Aha!! I was right (and so was Doug). I whipped out the statistics textbook and reviewed the Poisson distribution (I knew something was "fishy"). The Poisson distribution is designed such that it deals with probabilities of either zero or one "success" per interval (with the assumption that Pr(more than 1 in an interval) = 0 ). Doug's figures were right, as far as they went. However, the Poisson distribution is not the best choice for this problem, as we all can imagine a player getting multiple TDs in one quarter (Cite "Evans's Law of Multiple TDs vs Houston").

Since I made the request, you would think the least I should be able to do is read it before Bill M. posts 10 times.

One random thought that popped into my head is that there are different types of TD's.
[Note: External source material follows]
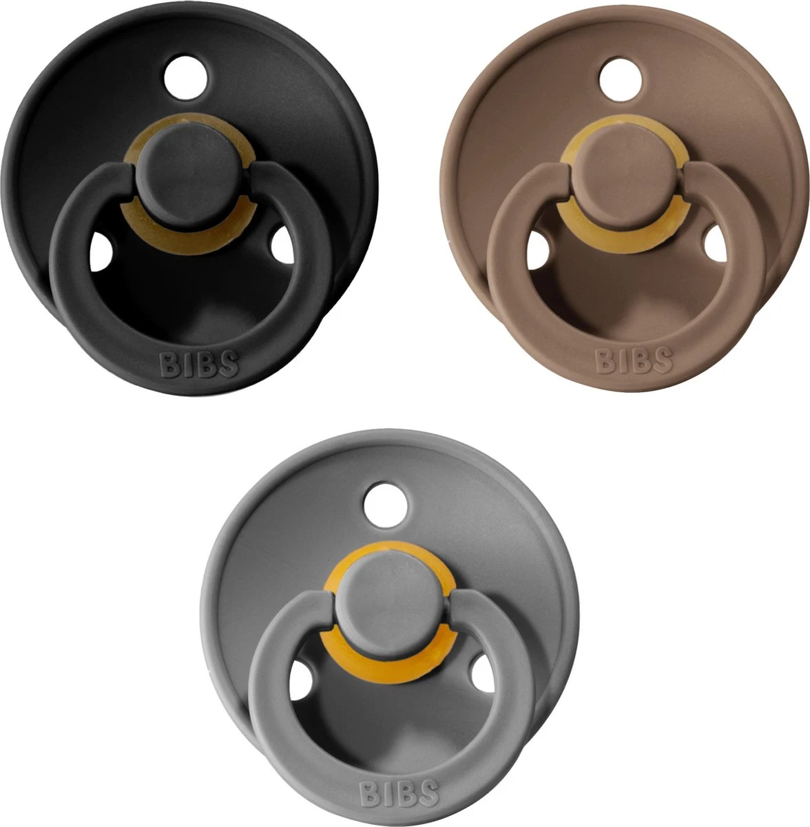 Deze set van 3 BIBS fopspenen bevat de kleuren: Smoke, Dark oak en Black! BIBS fopspenen bestaan uit 100% natuurlijk rubber, zijn flexibel en voelen fluweelzacht aan. De BIBS speen is ontwikkeld om de zuigreflex van het kindje te ondersteunen. Het schildje van de speen is rond en buigt weg van het gezichtje, waardoor eventuele irritaties worden verminderd. De BIBS fopspeentjes komen in énorm veel kleuren voor en hier blijven talloze prachtige creaties bijkomen. Naast het unieke design van de speen, heeft de BIBS speen ook hoogwaardige kwaliteiten én voelt deze comfortabel aan.
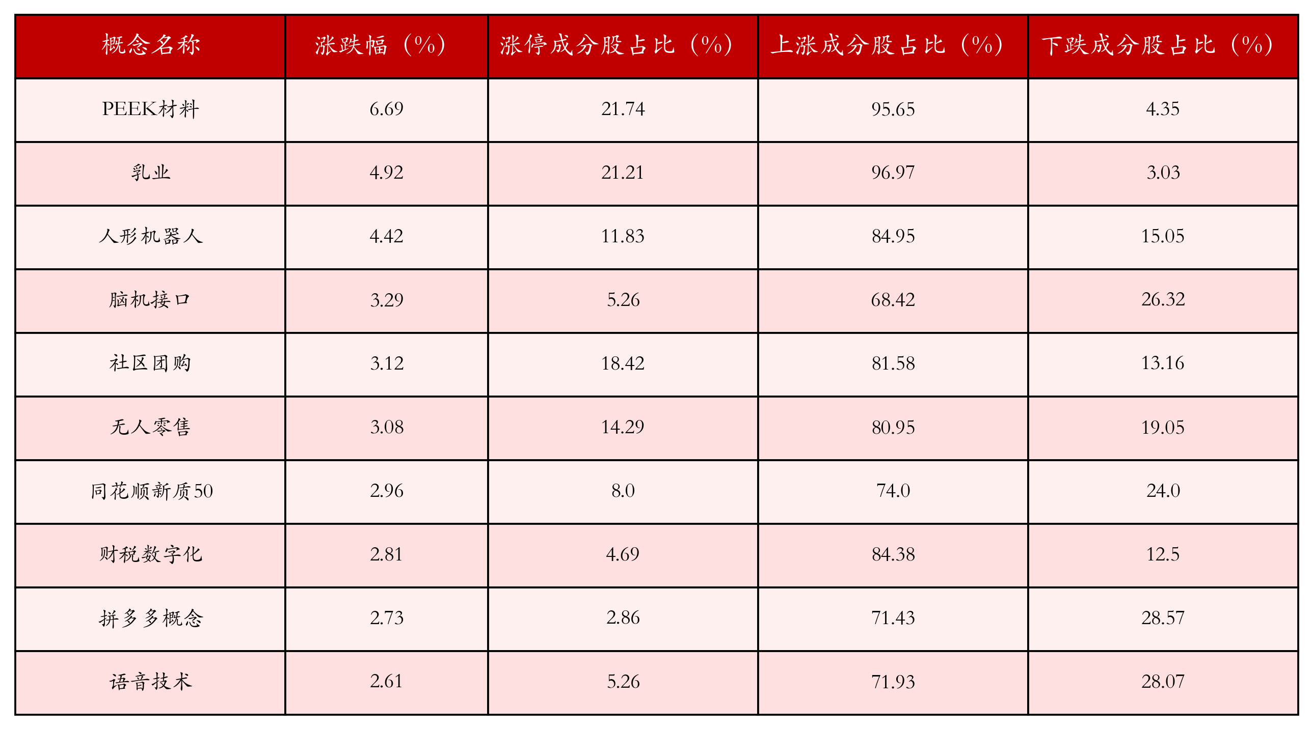 根据同花顺A股概念涨跌幅与所对应的股票池综合分析,涨幅靠前的三个概念板块分别为:PEEK材料、乳业与人形机器人。排名前10位的概念板块相关数据见下表:

I would basically subdivide them into run of play TD's, and those occurring in the red zone, where the field is more restricted, and body positioning, working in traffic is a little more important than speed and elusiveness. Perhaps one type follows poisson a little better than the other.

To test this, we could divide all TD's out, but that would require looking at each box score. Less exact but more manageable, we could divide the receivers by YPC groups to see if the high YPC group or low YPC group followed the poisson distribution more.

I did that with 10 TD and 9 TD guys. My caveat is that I used the leader boards, so if a 9 TD guy didn't appear on the leader board, he may not be included and my numbers may not exactly match up with Doug's. I also used the Tight Ends who caught that many TD's, which Doug may not have used.

The dividing line for YPC fell at 14.0. Here are the results. I find them interesting. But then again, splits happen, so it bears further examination.

10 TD's in one season

HIGH YPC GUYS

0- 82

1- 60

2- 14

3- 4

LOW YPC GUYS

0- 76

1- 69

2- 14

3- 1

9 TD'S in one season

HIGH YPC GUYS

0- 146

1- 80

2- 26

3- 4

LOW YPC GUYS

0- 132

1- 82

2- 25

3- 1

The high YPC guys are very close to the poisson distribution. The low YPC guys are farther away, and have more 1 TD games, and less 3 TD games and 0 TD games.

Bill,

The poisson does in fact allow for multiple TDs in a quarter. Assuming you've got an 8-TD per year guy, then he's a 1/8 TD per quarter guy, so you can estimate his distribution of TDs per quarter using a poisson with parameter 1/8.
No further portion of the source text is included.